In Iraq the Sunni insurrection began within weeks of the fall of Baghdad whereas most Afghans initially welcomed the arrival of foreign forces on the grounds that they were at least better than the Taliban and the warlords. But the latest opinion polls show Afghan confidence in both the US and the Afghan government plummeting. The number of Afghans who think the US is doing well has more than halved from 68 per cent in 2005 to 32 per cent. Support for the Taliban remains low but 36 per cent now blame the continuing violence on the US, Nato or the Afghan government; 27 per cent blame the Taliban. People are dubious that the US troop reinforcements, the so-called Afghan surge, will do them much good. Three or four years ago they would have had a much better chance of success. The first of the extra forces promised by Obama are beginning to arrive in southern Afghanistan. By the end of the year some 30,000 American soldiers will be added to the 32,000 already there. Their goal will be to train and expand the Afghan security forces, possibly raising their number to 400,000; to support the central government; and to provide protection for the civilian population. They should at least be able to open up the main roads linking the cities of southern Afghanistan. There is also to be a surge in civilian advisers, including lawyers and economists, to assist the government. Each of these, it has been estimated, will be paid between $250,000 and $500,000 and will live in an expensive house in Kabul protected at even greater cost by a security company. Afghan-Americans, some of whom have lived in the US for decades, are being hired to come back as translators at a salary of $225,000. Plenty of indigenous Afghans speak English but they are not trusted. Meanwhile in Farah province, in the west of the country, the Taliban are hiring unemployed young men, giving them a weapon and paying them $8 for each attack they make on local police checkpoints, thus minimising the risk to veteran Taliban fighters while inflicting losses on government forces.

Will the surge work? The problem for the US military is that whatever goodwill they have earned by building schools, roads and bridges can be quickly lost. A quarter of Afghans approve of the use of armed force against US or Nato forces, but this figure jumps to 44 per cent among those who have been shelled or bombed by them. On 4 May, US planes dropped 2000-pound bombs on three mud-brick villages in Bala Buluk district, killing some 140 people. The Afghan government, local human rights organisations and the villagers all agreed that only civilians had been killed.
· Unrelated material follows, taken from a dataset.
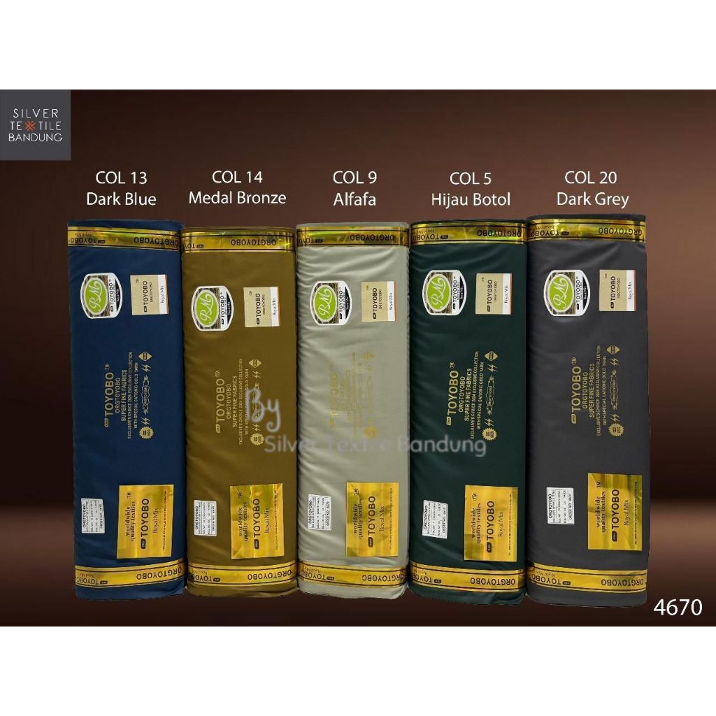 1-White, 2-Navy, 3-Black, 4-Purple Potion, 5-Hijau Botol, 6-Silver Cloud, 7-Sllver, 8-Cognac, 9-Alfafa, 10-Wood Thrush, 11-Dutch Canal, 12-Picante, 13-Dark Blue, 14-Medal Bronze, 15-Hijau Wardah, 16-Charcoal, 17-Nori Green, 18-Adobe Rose, 19-Smoke Blue, 20-Dark Grey, 22/7, 14 A, 01- col 5 - pale kha, 08- col 23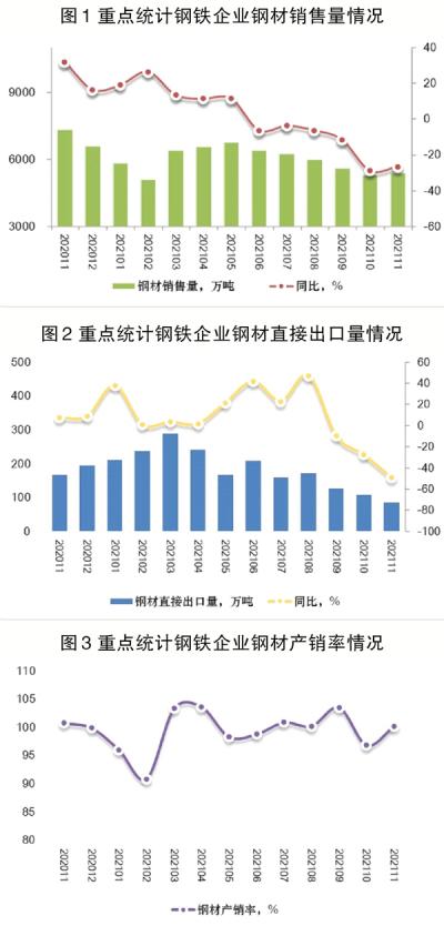 据营销月报统计(剔除了因营销统计企业数量增减对合计钢材销量增减的影响),2021年11月份,重点统计钢铁企业销售钢材5383.37万吨,同比下降26.69%;钢材日销水平为179.45万吨,日销环比上升5.06%。其中,国内销售钢材5297.89万吨,同比下降26.17%;直接出口钢材85.48万吨,同比下降49.0%。当月钢材产销率为100.18%,环比上升3.33个百分点,同比下降0.65个百分点。

Enraged survivors drove a truck filled with severed limbs, heads and torsos to the local governor’s office. Local shopkeepers went on strike in Farah town and there were demonstrations among students at Kabul University. The US military meanwhile produced more and more unlikely accounts of what had happened, claiming that between 60 and 65 of the dead were Taliban fighters, but refusing, on grounds of security, to say how they knew this. The bodies were too pulverised by the explosions to be properly identified.

Afghanistan’s Independent Human Rights Commission, after extensive interviewing, said that 97 Afghans had been killed, of whom 65 were children and 21 women. It found that none was armed. Nor had they been used as human shields and, at most, two Taliban were among the dead. The US military is supposedly more sensitive about inflicting civilian casualties because of the Iraq war, but there is little sign of this in Afghanistan.

The government’s legitimacy in the eyes of Afghans has withered as it fails to provide security, services, employment or economic development. There is growing hostility to the presence of foreign forces, particularly in Pashtun areas where fighting continues. Recipes for counter-insurgency, devised in very different circumstances in Iraq, may not have much relevance in Afghanistan. It will be politically and militarily very difficult to seal off the Taliban from their safe havens in Pakistan. ‘The surge is a double-edged sword,’ Sultanzoy says. ‘If it instigates more violence, it will provoke more resistance.’